I've had a jolly good time working on this recipe these past two weeks. And just in time for 4th of July!
And considering that the boys have had to endure several 'tastings' sigh...someone has to do the dirty work, enough said!
So it has the building blocks of your good ole' tiramisu - the luscious cream with homemade mascarpone (preferably), Italian imported sponge finger biscuits and also the espresso.
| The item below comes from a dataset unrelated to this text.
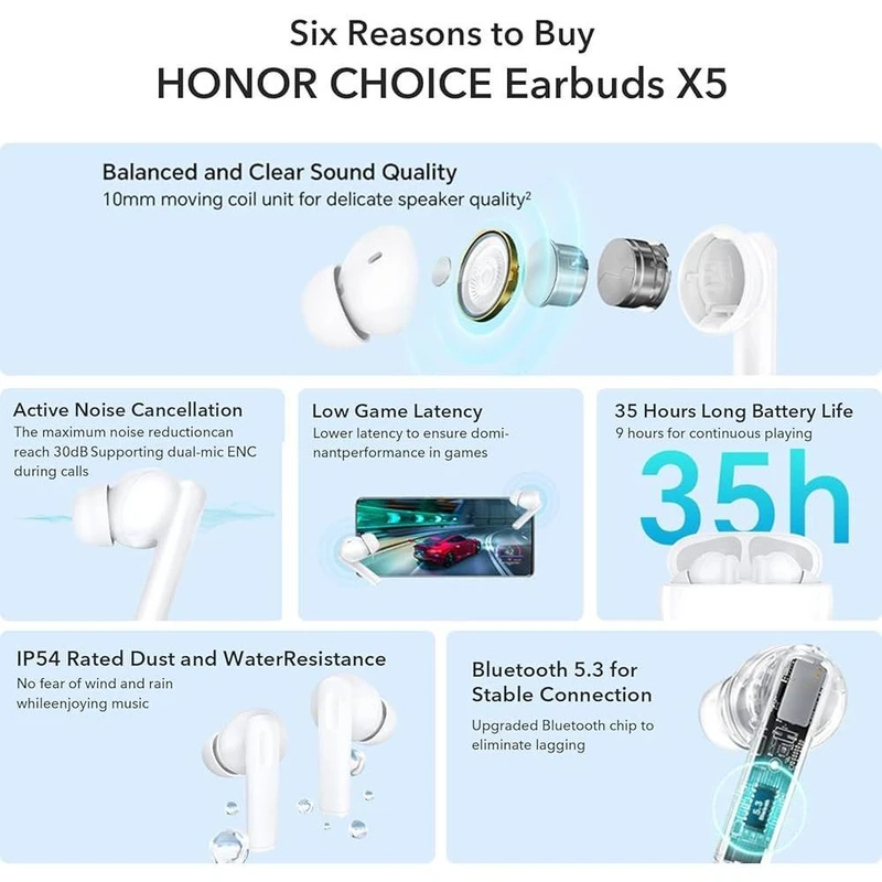 Honor (آنر) از معدود برندهایی است که همیشه به طراحی ساده و مینیمال معتقد و پایبند بوده است و همواره آن را به بهترین نحو پیاده سازی می‌کند. هندزفری بلوتوث دوتایی HONOR CHOICE Earbuds X5 جدیدترین هندزفری بلوتوثی Honor که در May 2023 تولید شده، نیز از این قاعده مستثنی نیست و طراحی بسیار ساده و یکدستی دارد. هنگام اتصال پنجره ای جهت اتصال سریع برای شما باز میشود و به شما امکان اتصال همزمان به دو دستگاه هوشمند را داده و امکان جابجایی یکپارچه بین تلفن های همراه، تبلت ها و رایانه های شخصی راه پیشتیبانی میکند. در هر کجا که هستید، قابلیت Noise Cancellation می تواند نویز خارجی را مسدود کند و صدای هدف را در طول تماس شناسایی و جدا کند. زمانی که هدفون به دستگاه تلفن همراه شما اتصال برقرار کرده باشد، شما می‌توانید از آن برای تولید صدا استفاده کنید تا مکان دقیق آن را در تلفن همراه خود تعیین کنید. به عبارت دیگر، این ویژگی به شما اجازه می‌دهد هدفون خود را پیدا کنید و از گم شدن آن جلوگیری کنید. این ویژگی می‌تواند به شما اطمینان و آرامش بیشتری بدهد زیرا شما می‌توانید هدفون خود را به راحتی پیدا کنید.

But herein lies the deviation, to keep the flavors quite summery and not strong on the coffee, I've diluted the espresso with water just for a hint of flavor. The cream is as is traditionally made by whipping egg yolks and sugar into thick creamy ribbons. To which is added the mascarpone and whipped cream. I've also added lemon emulsion which I'm always raving about and is key to getting that light summery flavor which pairs perfectly with the berries.
The egg whites are whisked with a touch of cream of tartar to soft snow white peaks and folded at the very end to the mascarpone cream.
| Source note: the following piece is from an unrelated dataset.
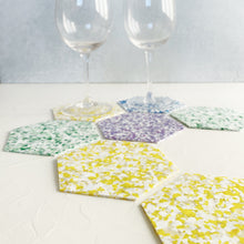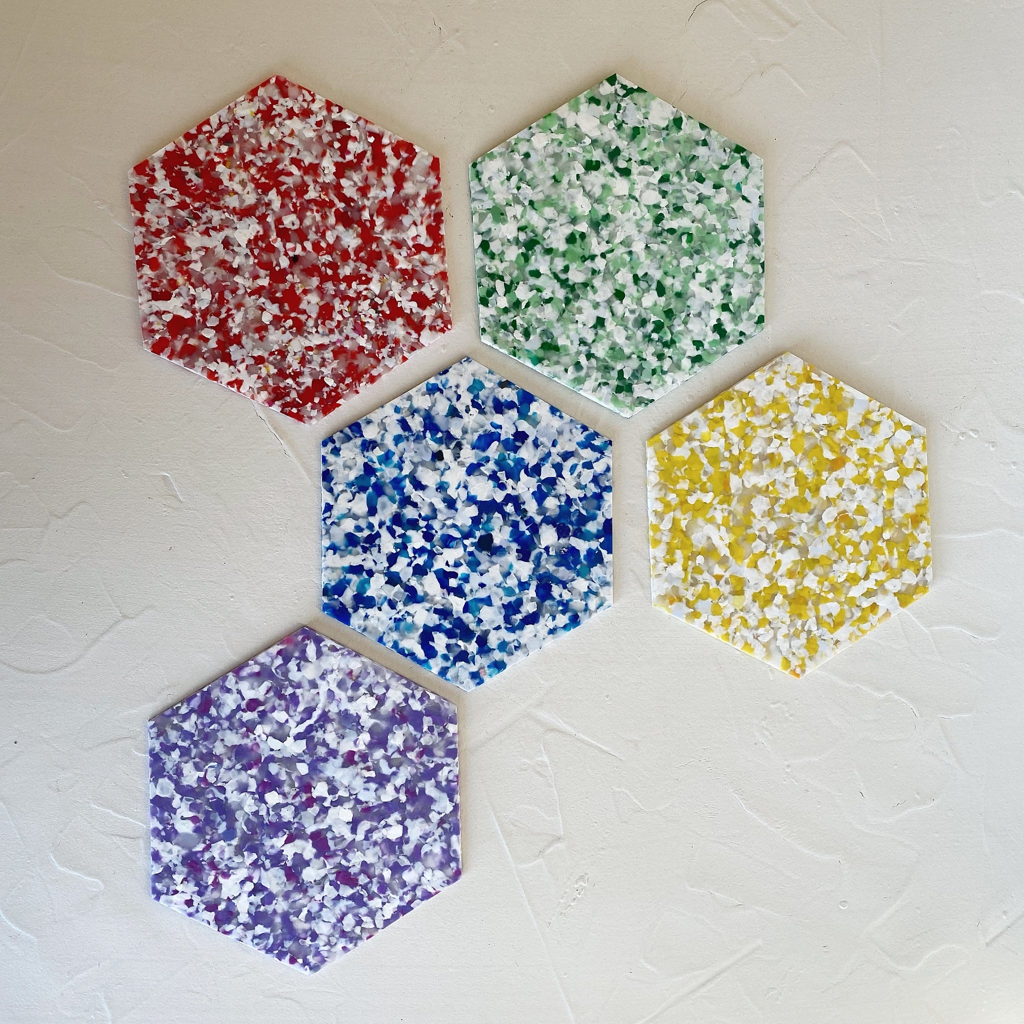 Set de 6 posavasos hexagonales de Taller Verde Sur. Una opción ecológica y sostenible para proteger tus superficies, fabricado con plástico 100% reciclado de la X Región.

So here's how you assemble; 1st the coffee dipped biscuits, then the mascarpone cream, layer of sliced macerated strawberries (only), remaining biscuits, remaining cream and into the refrigerator to chill for 12 hours.
Macerated mixed berries at the very end served directly onto individual servings to avoid the berries bleeding onto the delicate cream.
As always, use the best quality ingredients (eg use vanilla bean paste not imitation extract) and I think you'll really enjoy this for the holidays!
I cannot emphasize just how delicious this turns out. It is delicate, luscious and just plain old fabulous!
However, not the best choice for outdoor events where it will be sitting in the hot sun. Best served refrigerator to plate!
Here are some troubleshooting tips:
So what do you do if your cream is runny?
For peace of mind, I add agar agar to water and whisk on the stove until just thick and syrupy. I then dump this into the mascarpone cream and whisk like mad so streaks don't form. After which you just assemble as usual.
Agar Agar by the way, is an age old vegetarian thickener from algae that has been used for hundreds of years in Asian cooking.
You really do need to chill the tiramisu overnight or for 12 hours.
So what if you do not have 12 hours (and have only 6 hours)?
Avoid adding the egg whites at the end (since they are composed mainly of water & will thin the cream down) and definitely do the agar agar syrup into the cream.